MumiMoondrops wrote:
Well... I just dropped all the courses I planned on taking.

I was bound for college (community college, because I couldn't afford any others) but... I wasn't able to get financial aid in time, so I dropped my courses. I'll have to wait until some other time if ever. On one hand I know this was the best choice in the end but I'm so disappointed in myself. All of my friends and irl acquaintences keep talking about their move-in dates and that they're taking classes soon if not already. I want to be happy for them, but I struggle to. I struggle because my parents and everyone in my life has suffocated me with expectations to go to college, and were already kinda disappointed I was considering community college. I shouldn't care about what they think but it's so ingrained in me at this point. I am a failure, to them and to myself.

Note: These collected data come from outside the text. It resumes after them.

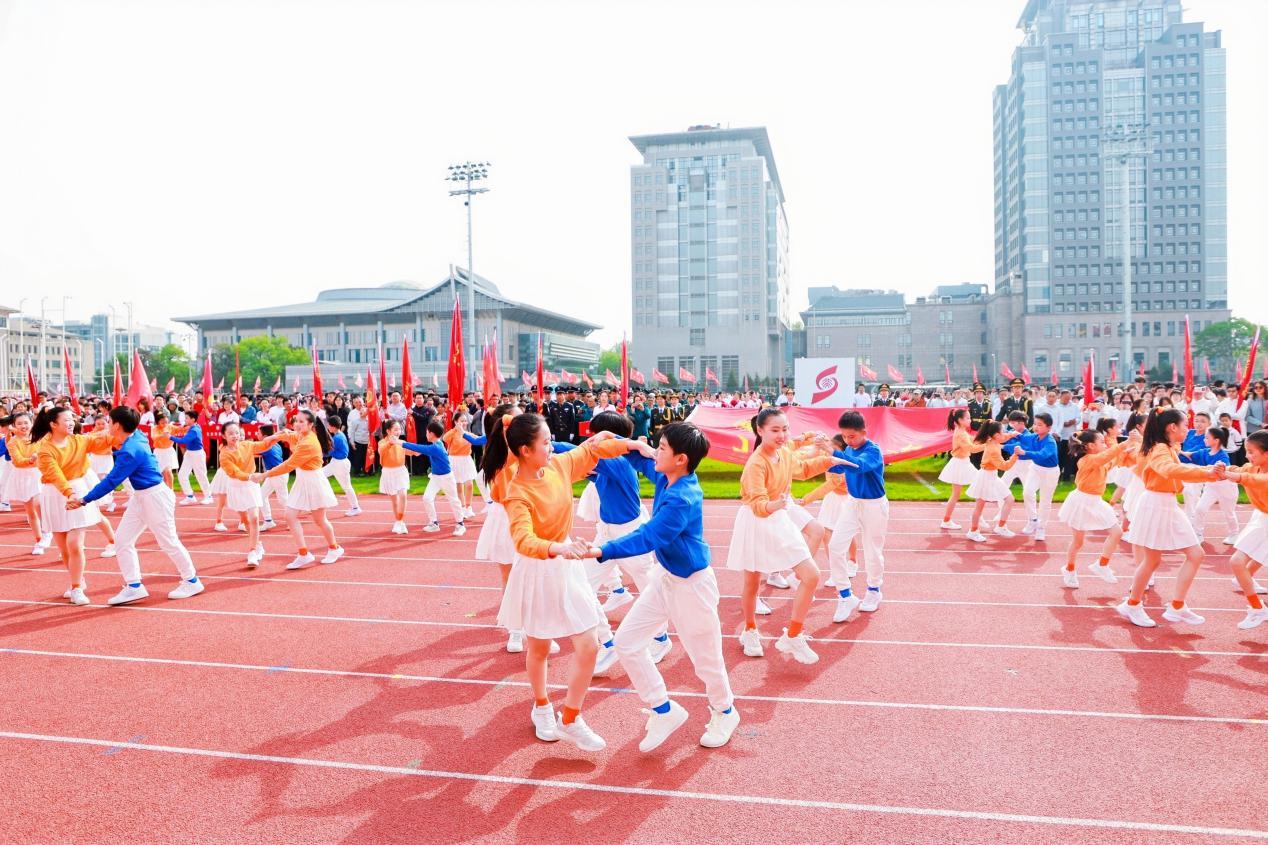 来自各院系(所中心)、各部门的1500余名教职工共同进行了精彩的八段锦团体操表演,他们动作整齐划一,时而如行云流水般舒展,时而似惊涛拍岸般有力,充分展现了北大人团结奋进、锐意进取的精神风貌。
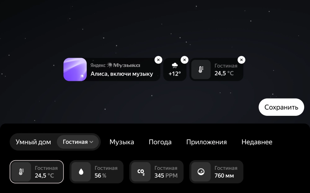 Ещё обновилось управление умным домом — теперь на «Станцию» можно выводить виджеты с камер наблюдения и датчиков температуры и воздуха для быстрого управления климатом в доме.
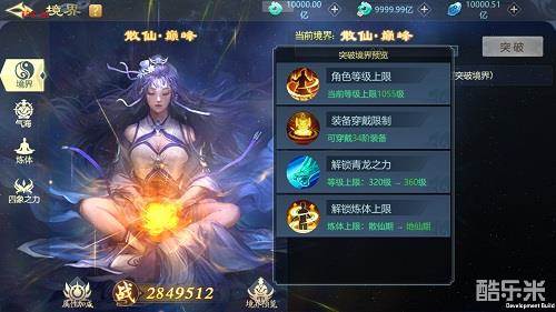 修炼路上别忘了提升境界!玩家达到指定等级、战力、气海值,打通相应副本,收集指定道具,就能提升角色境界,提高各种玩法的上限,获得更大的养成空间。同时,也能通过境界系统自带的四象之力和炼体功能,大幅提高自己的各项属性。
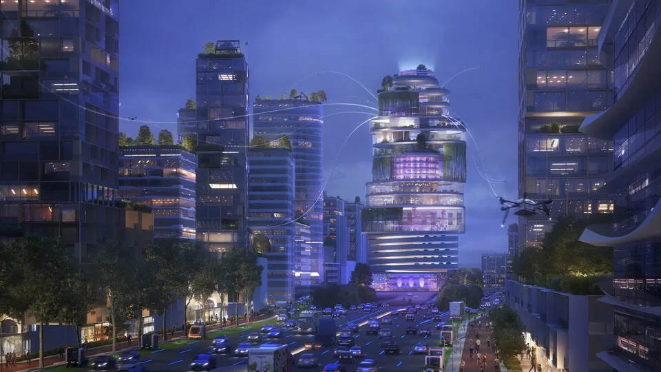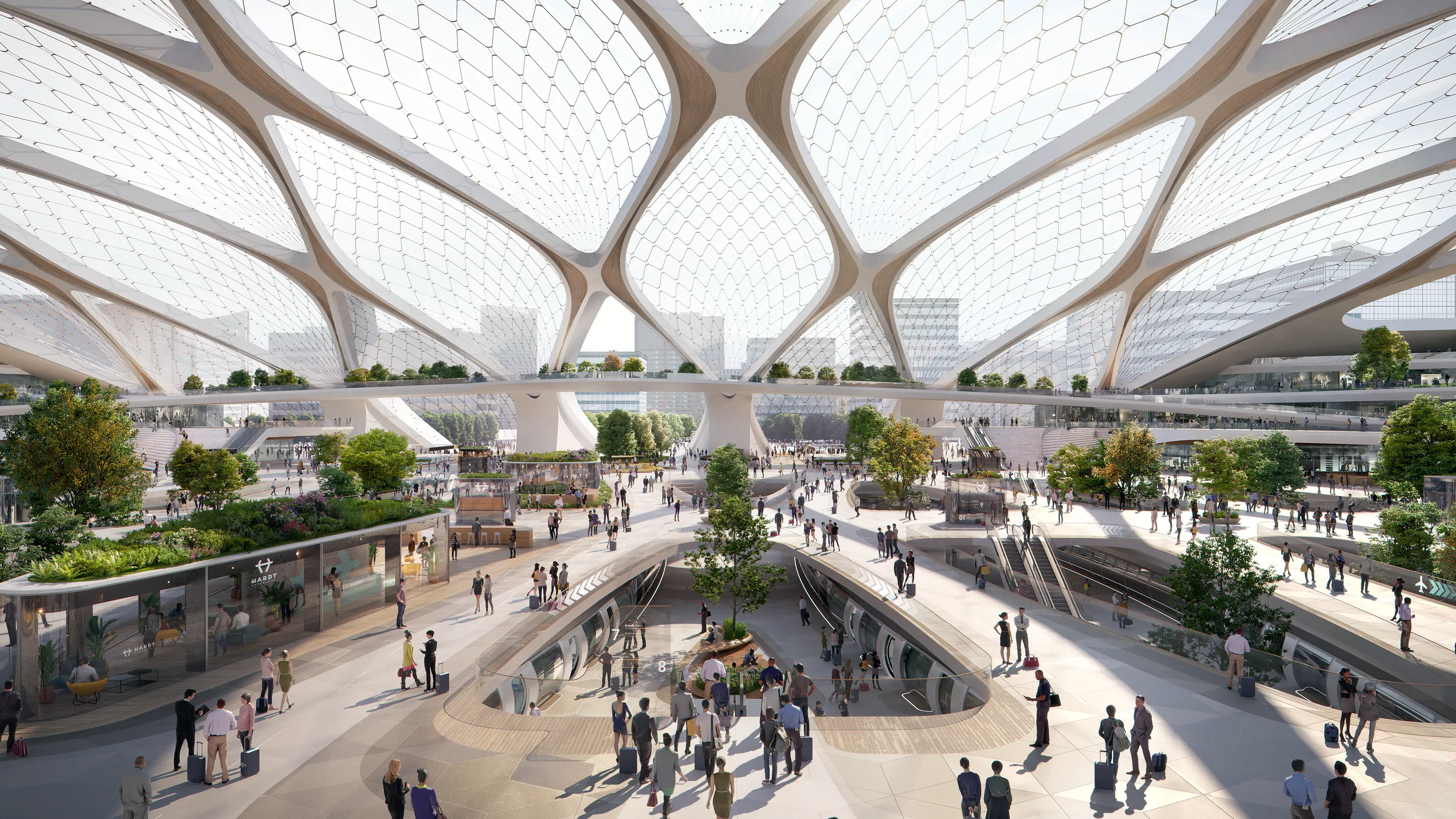 The station design is based on modularity and adaptability, allowing it to integrate seamlessly into various urban contexts, from city centers to low-rise areas. The modular framework organises functional spaces, such as luggage check-ins, bicycle docks, and biophilic parks, while also enabling the station to act as an energy hub, storing and distributing solar power. The hyperloop’s speed and efficiency not only transform passenger travel but also enable new possibilities for knowledge transfer, urban workspaces, and hyper-local economies, reshaping how cities connect and function.

The worst part is the reason. My grandma (who was very important to me) died, and we've been taking care of everything related to that. As a result I didn't have anyone to help me figure out financial aid and I was struggling to by myself. It was getting closer and closer to the deadline so I had to cut it off. I've been overwhelmed with grieving, stress, and depression for the past week. I just want to scream and bite something... I'm exhausted.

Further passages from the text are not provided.